Extracting DINOv2 Activations for ImageNet-1k

For ImageNet, we precompute the DINOv2 activations so that Raptor can train faster. We provide a script to extract the activations from the ImageNet-1k dataset. This script is available in the data directory. This script takes around 5 hours to run on 1 H100 GPU, and storing the activations requires a lot of disk space.

cd data
python precompute_dinov2_act.py

Download Pretrained Classifiers

Download the DINOv2 linear heads from Meta’s repository. These are used during training of Raptor.

cd src
wget https://dl.fbaipublicfiles.com/dinov2/dinov2_vitb14/dinov2_vitb14_reg4_linear_head.pth
wget https://dl.fbaipublicfiles.com/dinov2/dinov2_vits14/dinov2_vits14_reg4_linear_head.pth
cp dinov2_vitb14_reg4_linear_head.pth imagenet_probes/dinov2_vitb14_reg4_linear_head.pth
cp dinov2_vits14_reg4_linear_head.pth imagenet_probes/dinov2_vits14_reg4_linear_head.pth

Usage Example

Raptor training follows 4 main steps. Here, we show example usage for a 3-block Raptor:

Determine max-cut segmentations. This has been done for you in src/000_max_cut_dinov2_base.ipynb.

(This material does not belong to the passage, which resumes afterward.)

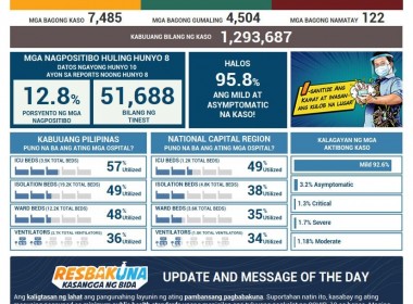 (Eagle News) — COVID-19 cases in the Philippines climbed to 1293687 after the Department of Health reported 7485 additional cases. The DOH said of the total cases, 56921 were active. Of these, 92.6 percent were mild, 3.2 percent asymptomatic, 1.3 percent critical, 1.3 percent severe, and 1.18 percent were moderate. Recoveries rose to 1214454 including the additional 4504 recoveries. The death toll is now at 22312, including the 122 deaths. The Philippines’ vaccination drive is […]

Train each block independently.

cd src
python trainer.py --teacher_force --mse --sigma 0 --lr 3e-4 --wandb --t_scale --swiglu --start_layer 0 --end_layer 7 --seed 100
python trainer.py --teacher_force --mse --sigma 0 --lr 3e-4 --wandb --t_scale --swiglu --start_layer 7 --end_layer 10  --seed 101
python trainer.py --teacher_force --weighted --sigma 0 --lr 3e-4 --wandb --t_scale --swiglu --start_layer 10 --end_layer 12 --seed 104

Train the full model with the pretrained blocks.

cd src
BP1="final_weighted_False_autoregressive_False_distillation_False_teacher_True_mse_True_cosine_False_t_scale_True_swiglu_True_sigma_0.0_start_0_end_7_lr_0.0003_cls_weight_0.34_reg_weight_0.33_patch_weight_0.33_seed_100_step_312500.pt"
BP2="final_weighted_False_autoregressive_False_distillation_False_teacher_True_mse_True_cosine_False_t_scale_True_swiglu_True_sigma_0.0_start_7_end_10_lr_0.0003_cls_weight_0.34_reg_weight_0.33_patch_weight_0.33_seed_101_step_312500.pt"
BP3="final_weighted_True_autoregressive_False_distillation_False_teacher_True_mse_False_cosine_False_t_scale_True_swiglu_True_sigma_0.0_start_10_end_12_lr_0.0003_cls_weight_0.34_reg_weight_0.33_patch_weight_0.33_seed_104_step_312500.pt"
python trainer.py --raptor3 --autoreg --weighted --sigma 0 --lr 3e-4 --wandb --t_scale --swiglu --start_layer 0 --end_layer 12 --cls_weight 0.45 --reg_weight 0.10 --patch_weight 0.45 --bp1 $BP1 --bp2 $BP2 --bp3 $BP3 --seed 1101

Train linear probes on the frozen pretrained checkpoints.

cd src/imagenet_probes
python train_probe.py --variant raptor3 --model_seed 1101 --seed 4005

cd src/ade20k_probes
python train_probe.py --variant raptor3 --model_seed 1101 --seed 5005

cd src/nyud_probes
python train_probe.py --variant raptor3 --model_seed 1101 --seed 6005

Reproducing Foundation Models Results (Section 3)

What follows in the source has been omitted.